■ EXERCISE ■
Below this line are records; write out exactly the lines from the one containing "No Symbol This" through the one containing "Die Osprey Women’s", with the pictures left out.

■ DATA TO PROCESS ■

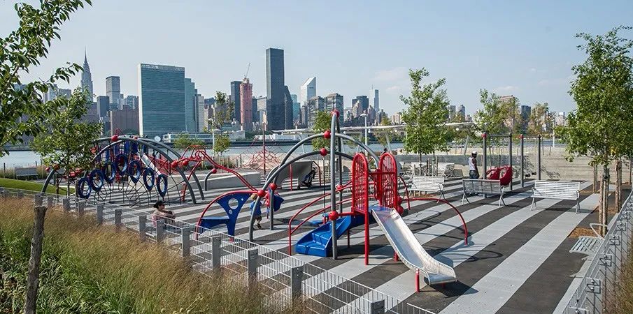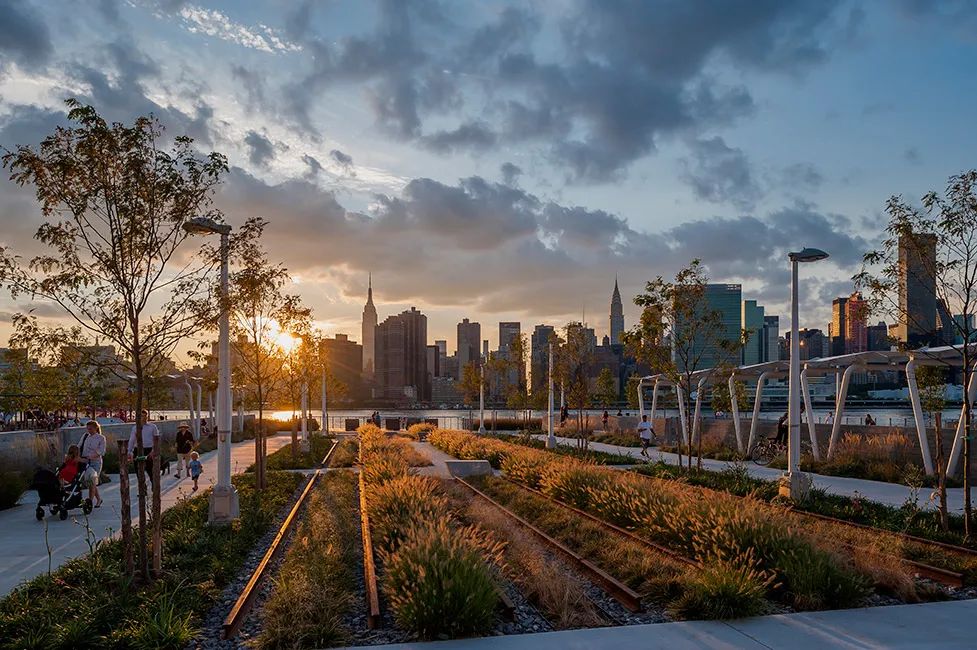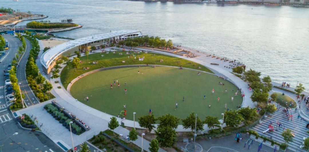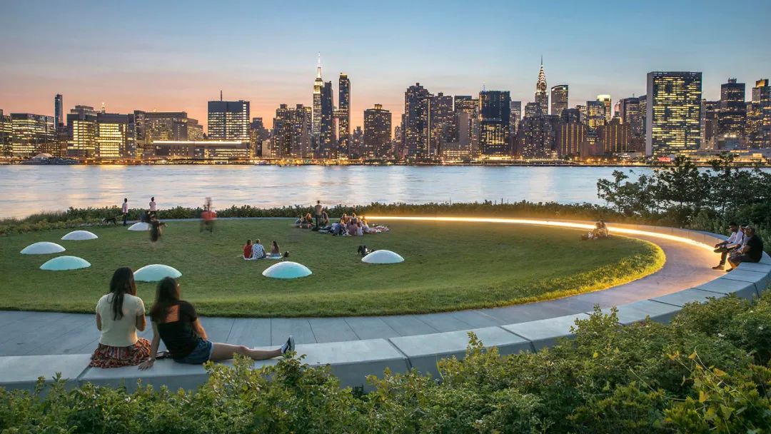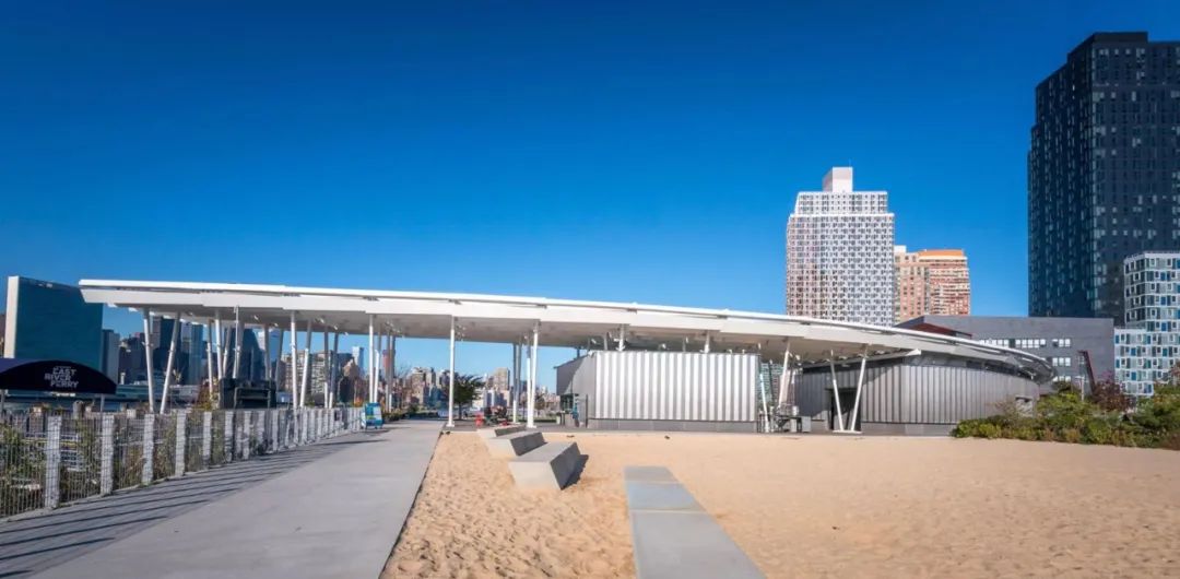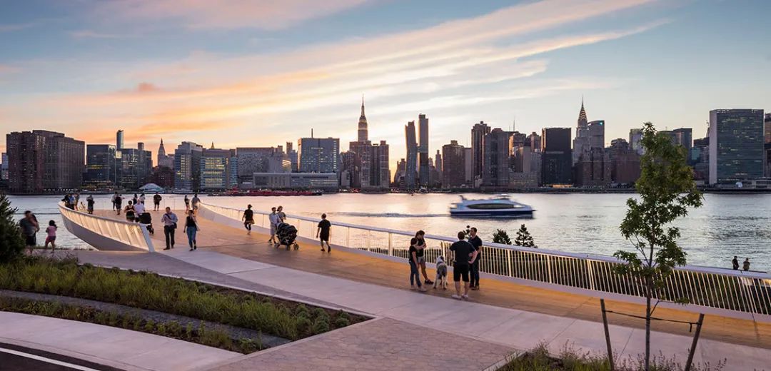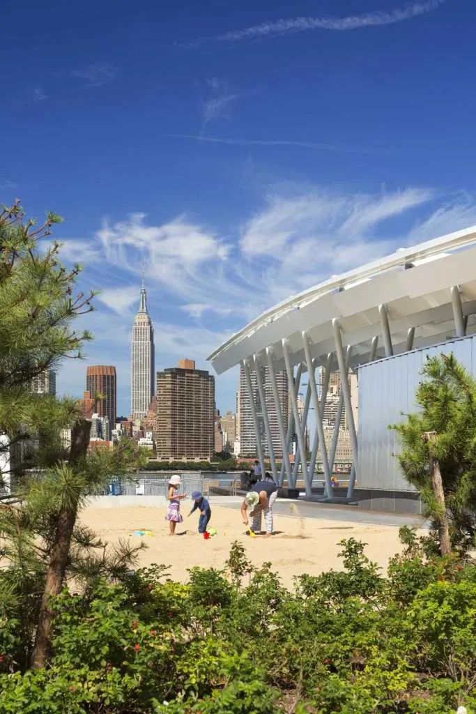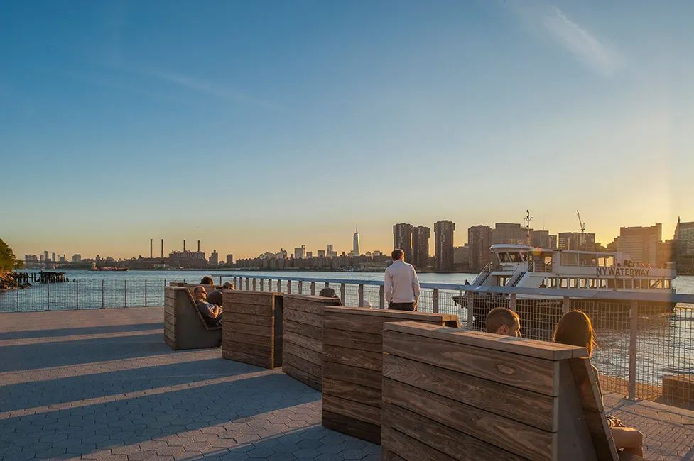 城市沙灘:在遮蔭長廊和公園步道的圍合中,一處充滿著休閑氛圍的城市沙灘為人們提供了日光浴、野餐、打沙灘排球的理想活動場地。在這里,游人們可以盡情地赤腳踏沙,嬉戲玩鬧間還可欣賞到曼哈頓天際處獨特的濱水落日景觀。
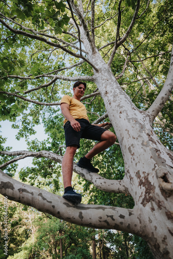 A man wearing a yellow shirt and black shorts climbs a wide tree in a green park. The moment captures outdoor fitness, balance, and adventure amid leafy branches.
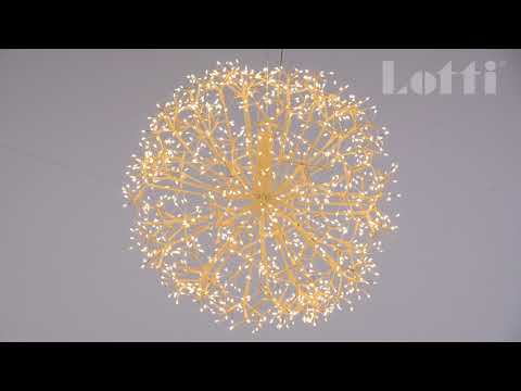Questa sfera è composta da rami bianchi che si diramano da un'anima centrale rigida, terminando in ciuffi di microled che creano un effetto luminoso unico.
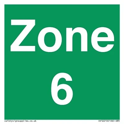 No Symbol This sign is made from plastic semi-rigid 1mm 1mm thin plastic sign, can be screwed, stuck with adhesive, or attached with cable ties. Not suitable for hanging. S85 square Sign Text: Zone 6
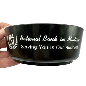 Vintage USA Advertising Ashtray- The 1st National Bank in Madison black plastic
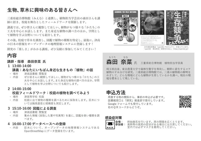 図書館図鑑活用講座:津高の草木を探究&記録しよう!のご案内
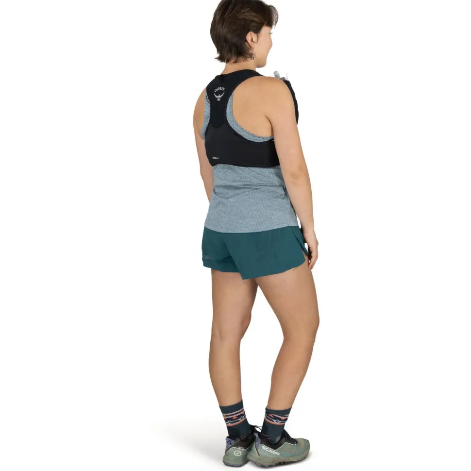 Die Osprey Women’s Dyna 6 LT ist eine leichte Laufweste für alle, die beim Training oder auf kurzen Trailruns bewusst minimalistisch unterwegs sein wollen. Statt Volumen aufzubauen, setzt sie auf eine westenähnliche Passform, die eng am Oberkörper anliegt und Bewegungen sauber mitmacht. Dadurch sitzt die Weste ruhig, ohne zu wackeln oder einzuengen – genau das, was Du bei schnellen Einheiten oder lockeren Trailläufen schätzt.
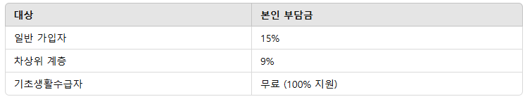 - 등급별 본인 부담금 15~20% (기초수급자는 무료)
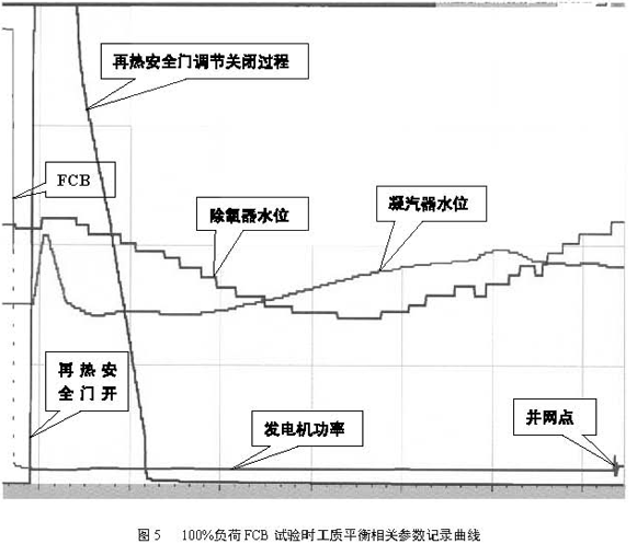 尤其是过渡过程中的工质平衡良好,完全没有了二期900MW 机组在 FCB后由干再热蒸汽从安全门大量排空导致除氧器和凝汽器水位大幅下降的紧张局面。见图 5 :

■ ANSWER AREA ■
 No Symbol This sign is made from plastic semi-rigid 1mm 1mm thin plastic sign, can be screwed, stuck with adhesive, or attached with cable ties. Not suitable for hanging. S85 square Sign Text: Zone 6
 Vintage USA Advertising Ashtray- The 1st National Bank in Madison black plastic
 図書館図鑑活用講座:津高の草木を探究&記録しよう!のご案内
 Die Osprey Women’s Dyna 6 LT ist eine leichte Laufweste für alle, die beim Training oder auf kurzen Trailruns bewusst minimalistisch unterwegs sein wollen. Statt Volumen aufzubauen, setzt sie auf eine westenähnliche Passform, die eng am Oberkörper anliegt und Bewegungen sauber mitmacht. Dadurch sitzt die Weste ruhig, ohne zu wackeln oder einzuengen – genau das, was Du bei schnellen Einheiten oder lockeren Trailläufen schätzt.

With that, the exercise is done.